## Record extracts

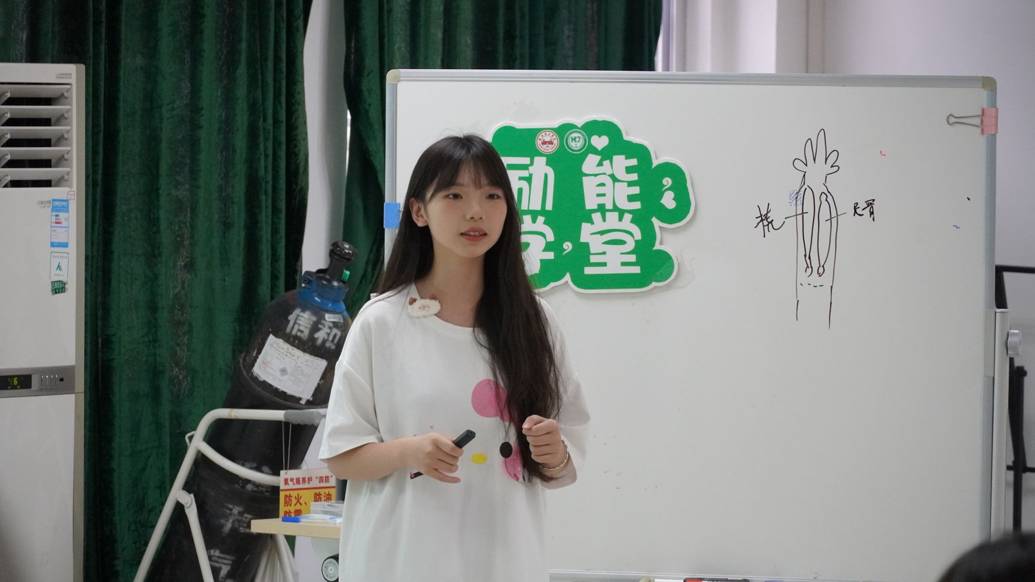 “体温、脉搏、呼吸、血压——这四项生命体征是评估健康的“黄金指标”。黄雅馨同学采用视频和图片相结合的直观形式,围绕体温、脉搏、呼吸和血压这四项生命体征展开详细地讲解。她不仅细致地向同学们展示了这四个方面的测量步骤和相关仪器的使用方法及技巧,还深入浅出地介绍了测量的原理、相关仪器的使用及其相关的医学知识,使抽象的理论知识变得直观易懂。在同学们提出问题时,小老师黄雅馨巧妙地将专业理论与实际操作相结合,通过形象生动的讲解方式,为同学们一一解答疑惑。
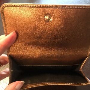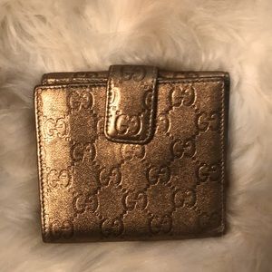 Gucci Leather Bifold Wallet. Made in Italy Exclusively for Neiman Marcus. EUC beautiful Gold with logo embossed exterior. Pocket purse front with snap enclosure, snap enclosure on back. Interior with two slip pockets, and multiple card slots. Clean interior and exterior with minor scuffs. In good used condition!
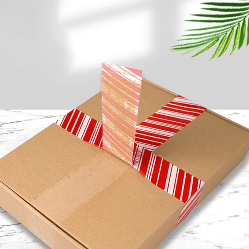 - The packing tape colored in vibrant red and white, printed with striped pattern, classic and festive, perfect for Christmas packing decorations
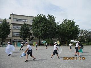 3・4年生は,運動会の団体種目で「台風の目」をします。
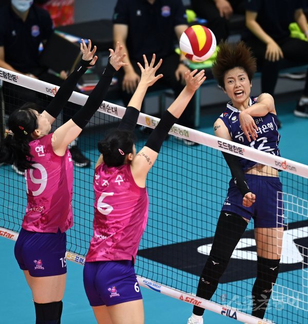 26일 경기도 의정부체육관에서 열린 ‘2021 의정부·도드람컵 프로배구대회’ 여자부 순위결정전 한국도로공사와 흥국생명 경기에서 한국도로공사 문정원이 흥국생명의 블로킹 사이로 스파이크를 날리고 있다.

## Exercise description
Set down every entry above exactly as written, but skip the pictures.

## Solution for this exercise
 “体温、脉搏、呼吸、血压——这四项生命体征是评估健康的“黄金指标”。黄雅馨同学采用视频和图片相结合的直观形式,围绕体温、脉搏、呼吸和血压这四项生命体征展开详细地讲解。她不仅细致地向同学们展示了这四个方面的测量步骤和相关仪器的使用方法及技巧,还深入浅出地介绍了测量的原理、相关仪器的使用及其相关的医学知识,使抽象的理论知识变得直观易懂。在同学们提出问题时,小老师黄雅馨巧妙地将专业理论与实际操作相结合,通过形象生动的讲解方式,为同学们一一解答疑惑。
 Gucci Leather Bifold Wallet. Made in Italy Exclusively for Neiman Marcus. EUC beautiful Gold with logo embossed exterior. Pocket purse front with snap enclosure, snap enclosure on back. Interior with two slip pockets, and multiple card slots. Clean interior and exterior with minor scuffs. In good used condition!
 - The packing tape colored in vibrant red and white, printed with striped pattern, classic and festive, perfect for Christmas packing decorations
 3・4年生は,運動会の団体種目で「台風の目」をします。
 26일 경기도 의정부체육관에서 열린 ‘2021 의정부·도드람컵 프로배구대회’ 여자부 순위결정전 한국도로공사와 흥국생명 경기에서 한국도로공사 문정원이 흥국생명의 블로킹 사이로 스파이크를 날리고 있다.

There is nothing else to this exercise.